Düşünür Krishnamurti’ye göre pekçok insan; kendini gözlemek, günlük yaşamdan bir şeyler öğrenmek yerine başkalarının söylediklerini tekrarlayarak, ne söylenip ne söylenmediğini tartışarak günlerini geçirir. Bu durum enerji kaybıyla birlikte öğrenme kapasitesindeki düşüşü beraberinde getirir. Böylece kendimizden ve davranışlarımızdan öğrenme konusunda tembelleşiriz.

Nasıl ki bir insanın evinin düzeninden kendisi sorumluysa bir insanın zihinsel düzeninden, davranışlarından, alışkanlıklarından da başkaları değil kendisi sorumludur. Bireyin kendi sorumluluğunu kavrayabilmesi için öncelikle zihinsel bir disipline sahip olmadığını kabul etmesi gerekir. Yani gözlem yapmadığını, yeni kavrayışlara yeni idraklere ulaşmadığını, yerinde saydığını, günlerinin ve yıllarının mekanik tekrarlarla geçtiğini görmesi gerekir.

Eğer birey, kimi şeyleri mekanik olarak tekrarlayıp durmak yerine o şeylerin anlatmak istediğini idrak edip kavrayabiliyorsa, günün hiç olmazsa kimi anlarında kendini sorgulayıp yeni çıkarımlar yapabiliyorsa, kendini objektif bir gözlem altında tutup, müşahade ettiği kimi yanlarıyla uğraşmayı ve pozitife çevirmeyi hedefliyorsa bir umut var demektir.

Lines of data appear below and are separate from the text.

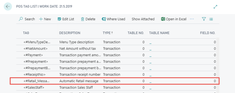The <#Retail_Message> tag is used to configure the Retail Message button on POS. Make sure that the tag is present in the POS Tag List. If it is not in the list, add a new line by clicking New and insert the exact same values in the fields as shown in the image:
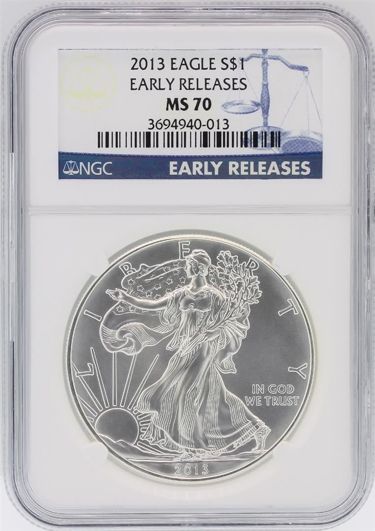 One 2013 NGC MS70 Early Release American Silver Eagle Dollar. NGC Certified.
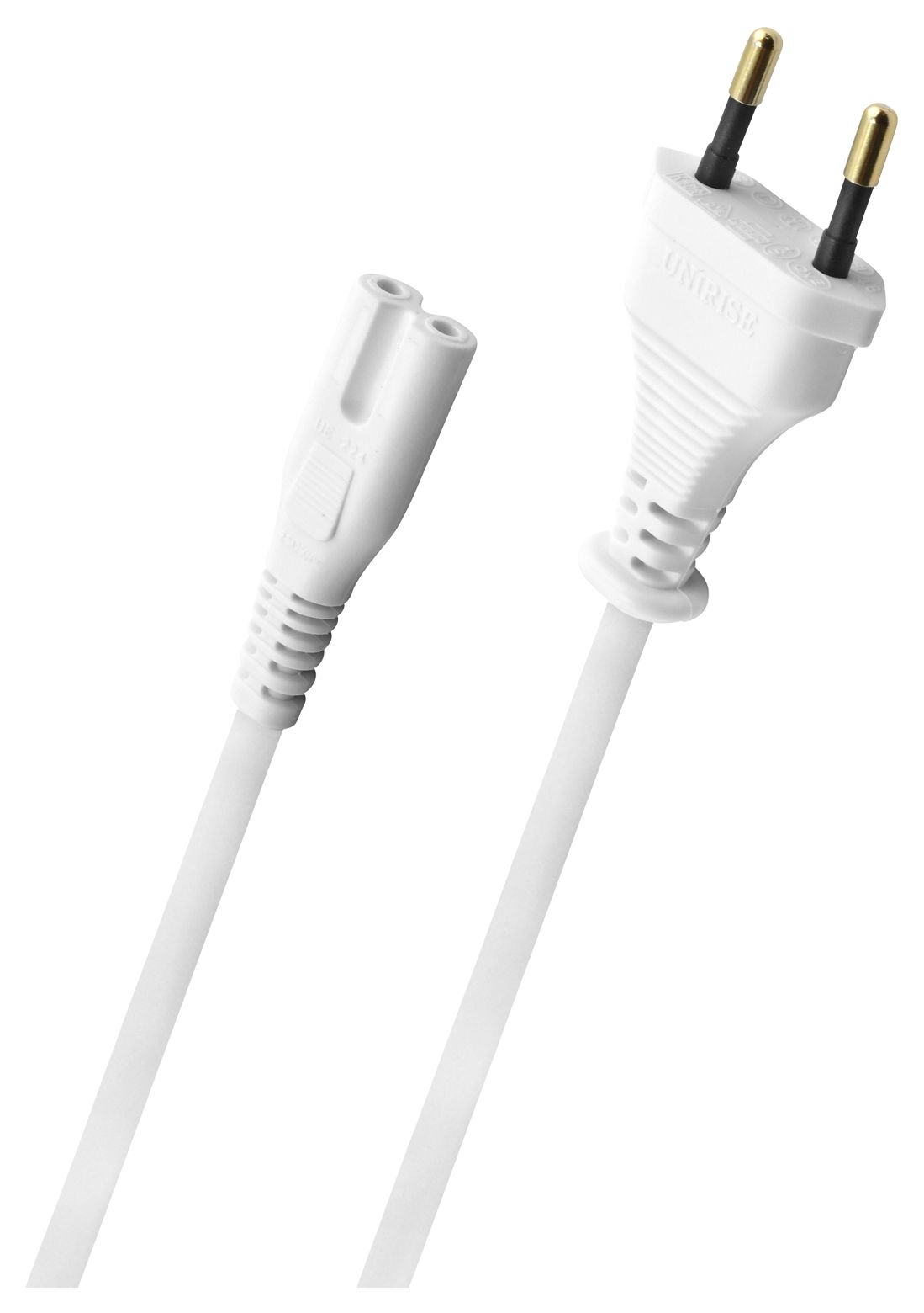 Oehlbach-Universal-Netzkabel mit Euro-Flachstecker und Kleingeräte-Kupplung, bestückt mit Innenleiter-Material aus hochreinem, sauerstofffreiem OFC-Kupfer. Eine Vielzahl von Elektro- und Multimedia-Kleingeräten wird über diese zuverlässige Leitung mit dem Stromnetz verbunden. Mit einer Länge von 1,5 m bis 5,0 m verbindet dieses wahlweise schwarze oder weiße Kabel auch Ihr Endgerät mit dem Stromnetz. Die angespritzten Stecker und die 24 Karat vergoldeten Kontakte garantieren eine lange Lebensdauer und hervorragende Kontaktsicherheit.
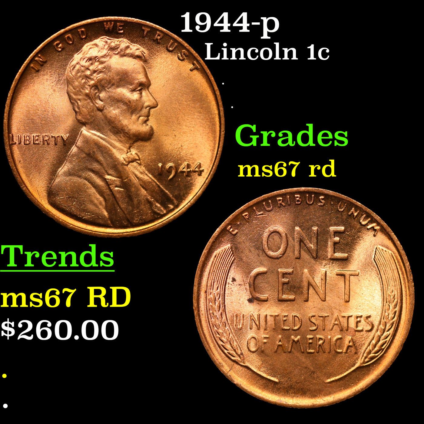1944-p Lincoln Cent 1c Grades GEM++ Unc RD.
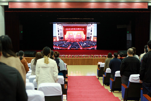 10月9日上午,纪念辛亥革命110周年大会北京人民大会堂隆重举行,中共中央总书记、国家主席、中央军委主席习近平出席大会并发表重要讲话。学校党委班子成员、全体在职人员在五楼会议厅集中收看大会盛况。
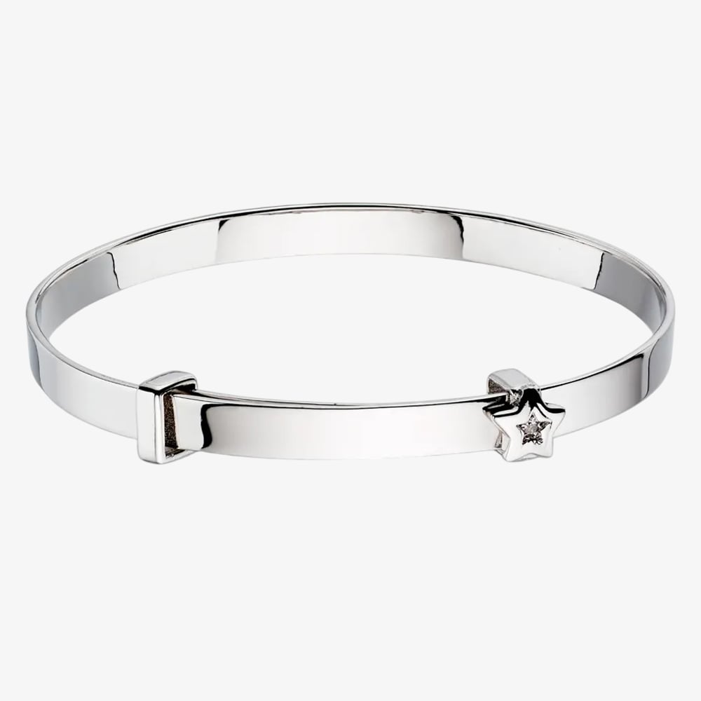 A delicate and timeless piece crafted from premium sterling silver and adorned with a shimmering diamond star, this bangle is a symbol of love, protection, and cherished memories. Designed with an expandable fit, this baby bangle ensures comfort and longevity. The smooth, polished sterling silver finish provides a classic yet modern touch, while the delicate diamond star adds a subtle sparkle, making it perfect as a treasured keepsake.
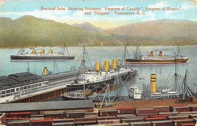 | Keywords: outdoor "Burrard Inlet, showing Steamers "Empress of Canada", Empress of Russia", and "Niagara", Vancouver, B. C. Copyright Canada by Coast Publishing Co." Post Card. 102788. Published by The Coast Publishing Co., Vancouver, B. C. Made in U.S.A. View looking north towards Burrard Inlet and the North Shore and North Vancouver over the Canadian Pacific Waterfront Railway yard and docks (Pier 'D') in Vancouver, BC. "Burrard Inlet, showing Steamers "Empress of Canada", Empress of Russia", and "Niagara", Vancouver, B. C. Copyright Canada by Coast Publishing Co." Post Card. 102788. Published by The Coast Publishing Co., Vancouver, B. C. Made in U.S.A. View looking north towards Burrard Inlet and the North Shore and North Vancouver over the Canadian Pacific Waterfront Railway yard and docks (Pier 'D') in Vancouver, BC. |
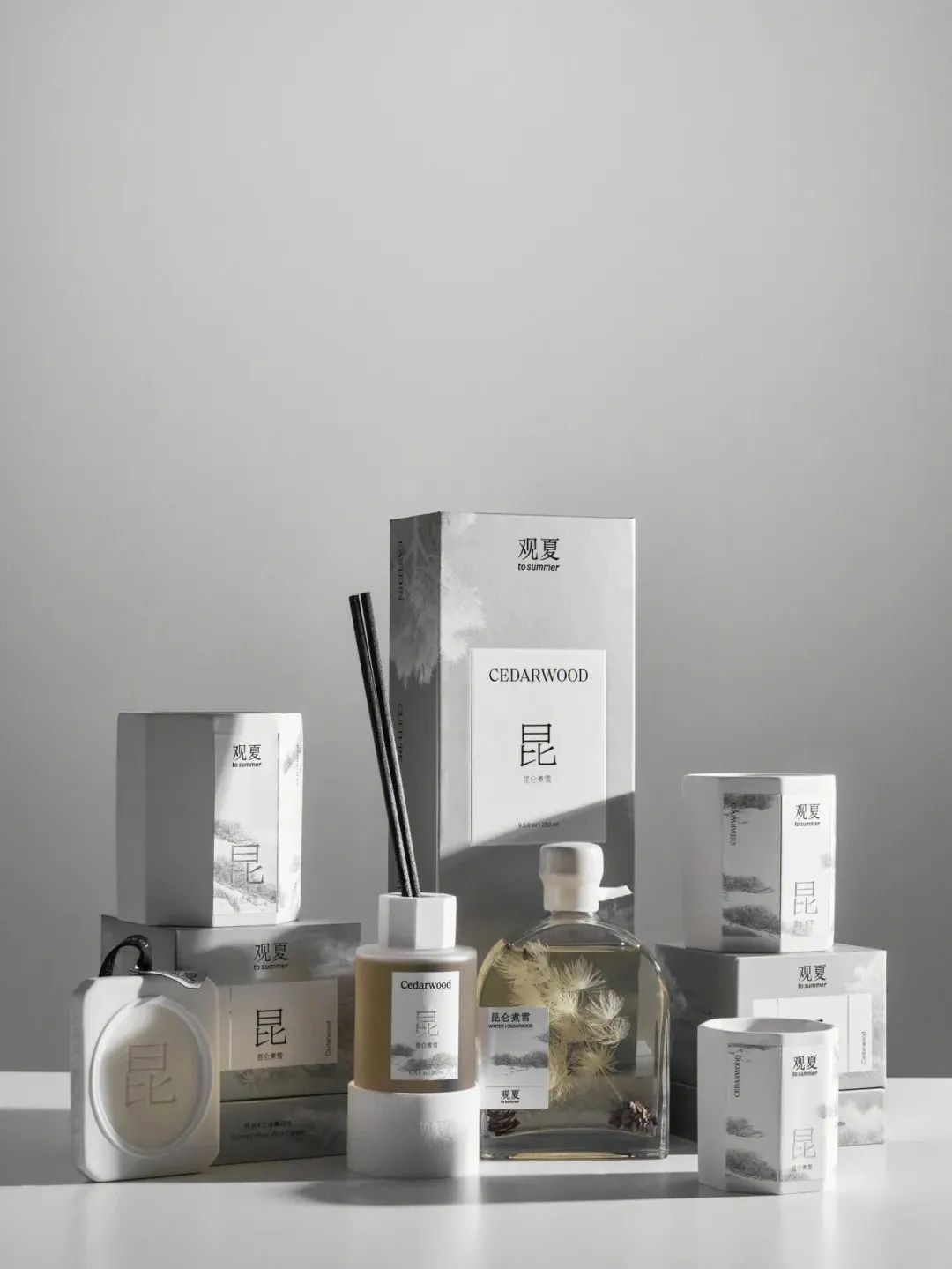 原创东方植物调的香氛品牌「观夏」,回归东方传统,包装设计上除了自身logo和产品名,其余地方都是极简留白,营造记忆中山河原野、人间草木的氛围感,让人犹如置身东方诗意场景,引发无限遐想。
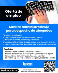 👉 Si te interesa, inscríbete a través de nuestra Agencia de Colocación y sube tu CV a: AUXILIAR ADMINISTRATIVO/A PARA DESPACHO DE ABOGADOS
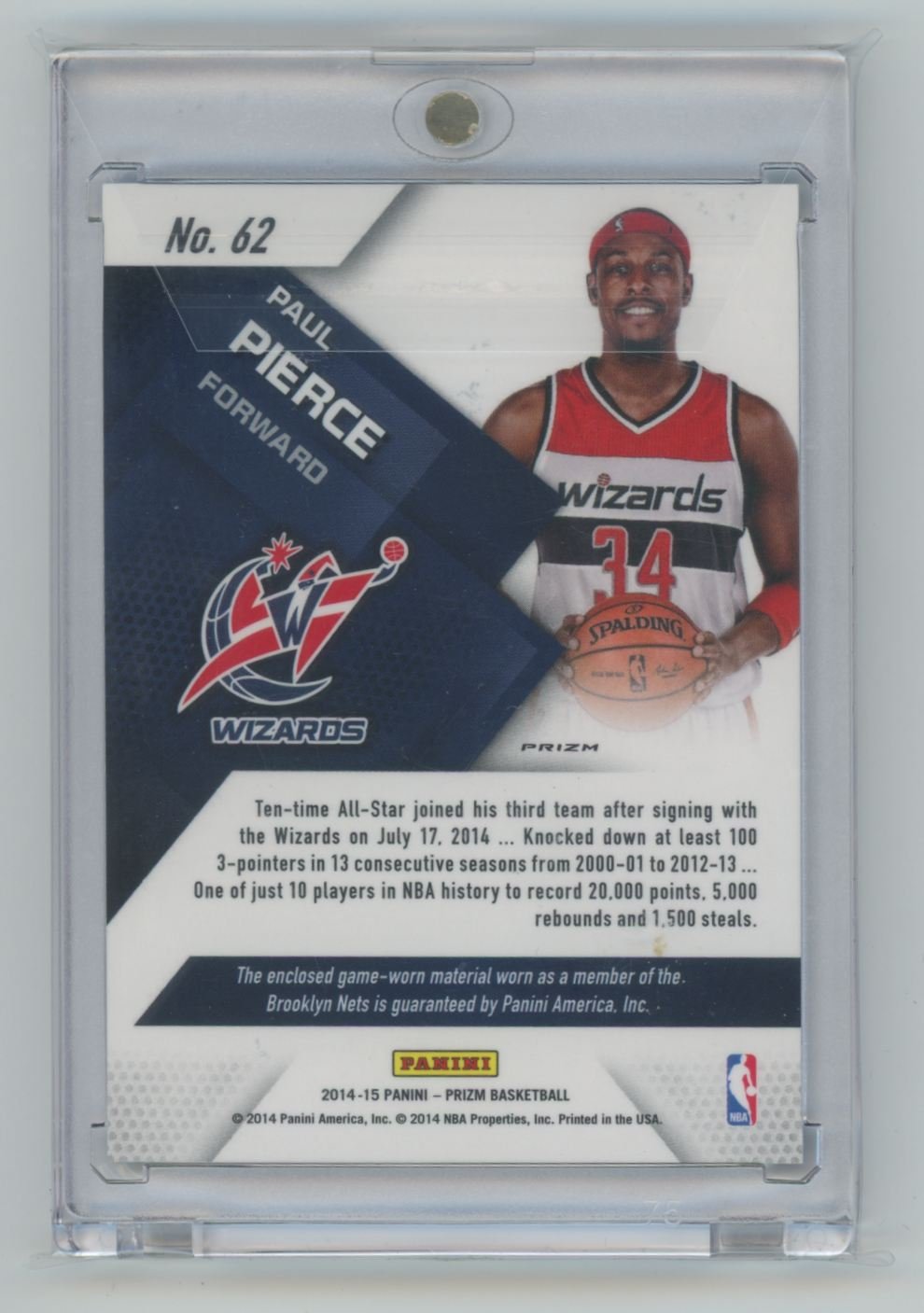 2014 Panini Prizm Jerseys Prizms Blue Mojo Paul Pierce 62 card from the Washington Wizards.
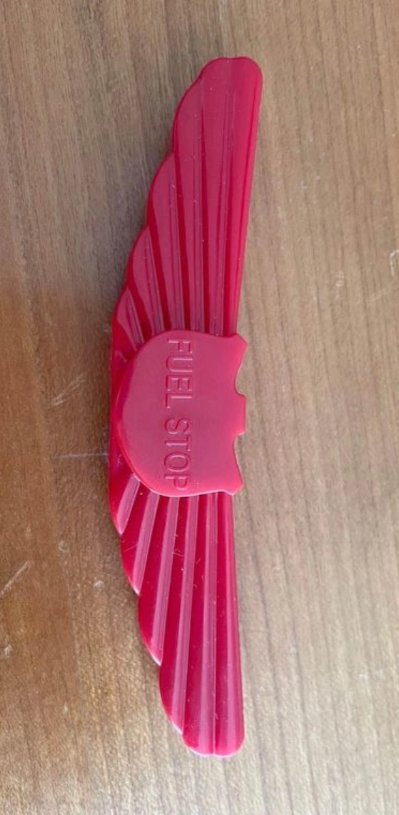 The FUEL STOP can be kept separately in your pilot bag to quickly snap onto a gauge that comes with a rental aircraft, or kept permanently installed in your own aircraft for regular use. The FUEL STOP is also shaped like a set of red pilot wings which makes finding the gauge in your pilot bag or aircraft seat pocket a snap.

Zihinlerimizi belirli bir disiplin altında kullanmayı ve bu disiplin sayesinde yeni şeyler öğrenmeyi bilmiyoruz. Bir kişiden, bir kitaptan bir öğretmenden değil kendi zihninin, kendi yüreğinin gözleminden öğrenen, kendi davranışlarından öğrenen anlamına gelir. Bu öğrenme belirli bir disiplini gerektirir. Burada kastedilen kurallara bağlı bir disiplin değildir. Kuralların, boyun eğmenin ve şekilciliğin olduğu yerde öğrenme yoktur. Gözleme dayalı öğrenme günlük yaşamdan öğrenmek, birbirimizle ilişkilerimizden öğrenmek, zihnin derinliklerinden öğrenmektir.

Öğrenen zihin daima esnek ve aktiftir.